Probably in 1998 when I started going to practices. That was one of the firs things that really took off. I had a broadcasting job at the time where I had a bunch of down time while we waited to do a product launch. We were finished and just waiting for the launch date. I was like, “I’m bored, do you mind if I go over to training?” I was on staff, but they were really good about. So I started going to practice once a week and it really changes how the team looks at you. The difference between a blogger and someone like me is that I actually go to practice. If you go to practice at least once a week, then the coaches and players know who you are. You can stand behind your work, like if you say some player sucks. If he knows you and you come to practice you will hear feedback. And you are there, week in week out. You know what is going on at the training pitch so when something happens in the game you have more context to relate it to. Then after the game you are back at practice seeing the growth and changes. You know the health of the players much more acutely. It makes a huge difference in quality, in-depth coverage.
Did you have to originally ask for access or were practices open to the public?
I just went. No MLS practice is routinely closed as far as I know. Back then Dallas was practicing at a school called The Green Hill School. It was right near where I was working, so I just showed up one day and sat on some bleachers next to the field.
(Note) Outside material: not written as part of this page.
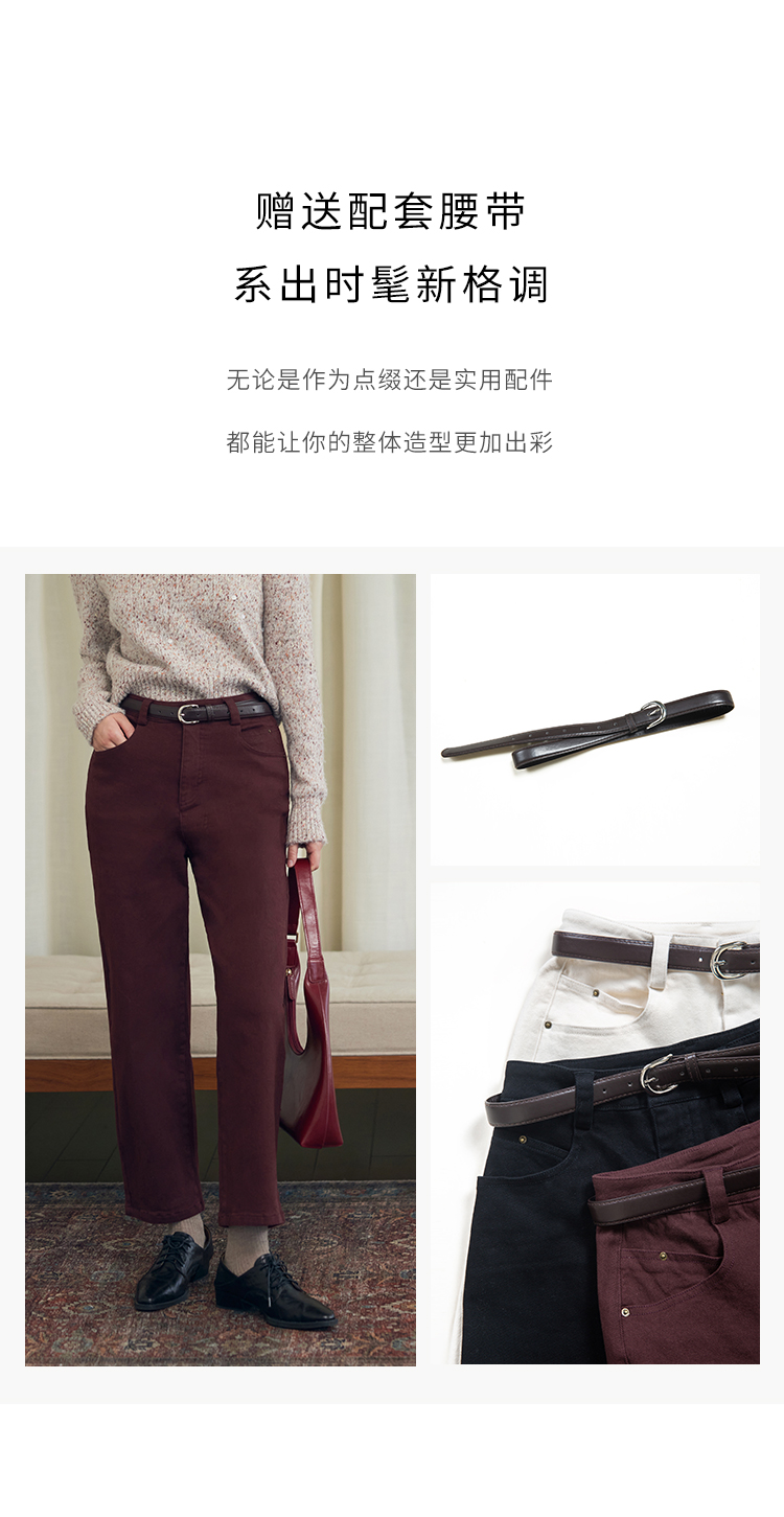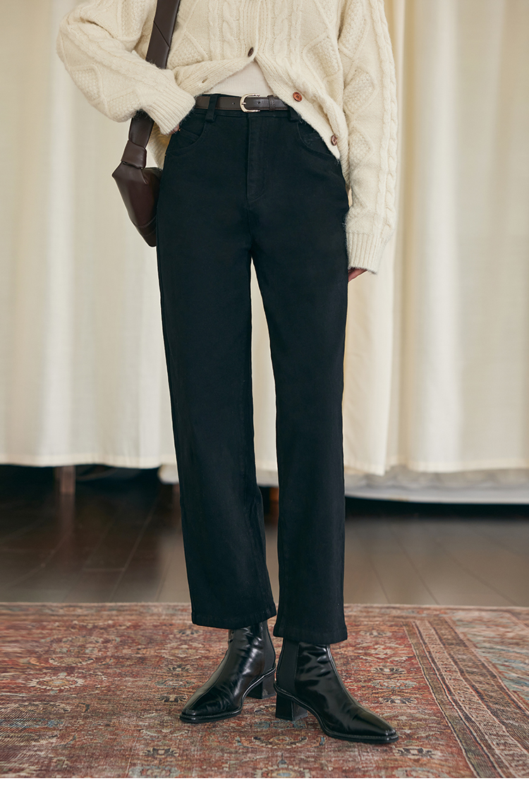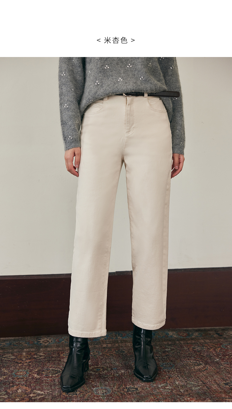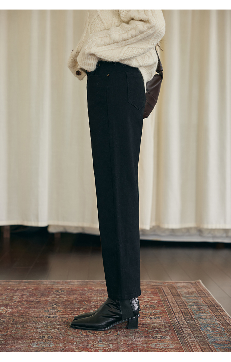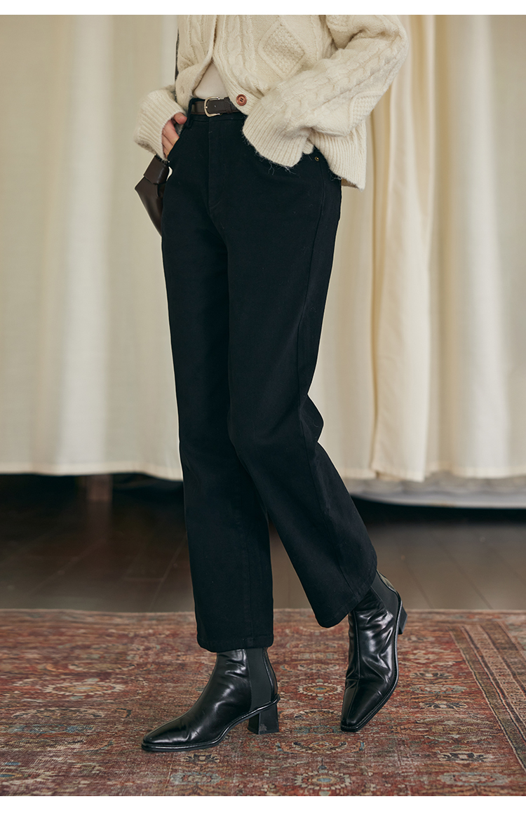 HeyDress法式直筒牛仔裤女秋冬加厚磨毛法棍裤宽松高腰黑色裤子

How many press people were there?
I was the only one. I was the only one for the first four or five times I went. I was there three or four times before anyone walked over to ask me who I was. It wasn’t until I took a pad of paper and started writing stuff down. Then one of the assistant coaches came over and asked who I was because they had never seen anybody there before.
And their reaction to your presence?
They were like, OK, great! They were very accepting. It wasn’t like I was a journalist from my education. I never worked nor would I ever want to work for a newspaper. From the get-go I was making it up as I was doing it. And the team didn’t know what they were doing. There was no PR guy at practice. I just showed up and before too long, after practice was over, after they knew who I was, the coach would wander over and we’d have some short conversations. It wasn’t anything I set up with the PR guys. After 7 or 8 repeated appearances they would just come over to talk to me. It wasn’t until they moved to Blue Sky (a youth soccer complex), in about 2000 maybe, that they finally started sending a PR guy to practice.
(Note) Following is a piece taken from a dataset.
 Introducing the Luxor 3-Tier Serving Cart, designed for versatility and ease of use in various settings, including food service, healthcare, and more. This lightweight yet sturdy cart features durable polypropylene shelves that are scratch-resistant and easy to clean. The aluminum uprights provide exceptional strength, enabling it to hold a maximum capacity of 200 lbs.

Eventually other media types began to show up?
A few guys from the morning news would show up who didn’t know anything about soccer. Steve Davis at the time wasn’t the beat writer there. I’d see the guy from the Star-Telegram, who was a woman that came out periodically until she moved to Spain. So it was me and a few people who didn’t know the game very well originally. It was no more than 3 people there for a long time. It has of course evolved and now at training there are at least 3 or 4 and maybe 6 or 7 reporters out there. Yet still, none of them or anybody else does the practice coverage I do. Its unique I guess and has been the core backbone of what we do for years and years.
“Years and years” is what is so impressive to me about 3rd Degree. You’ve been around almost as long as the league. Soccer may be the sport of the internet, but few sites, much less highly specific or niche-based sites like yours have been around that long. Now they are much more plentiful. Take me through your growth.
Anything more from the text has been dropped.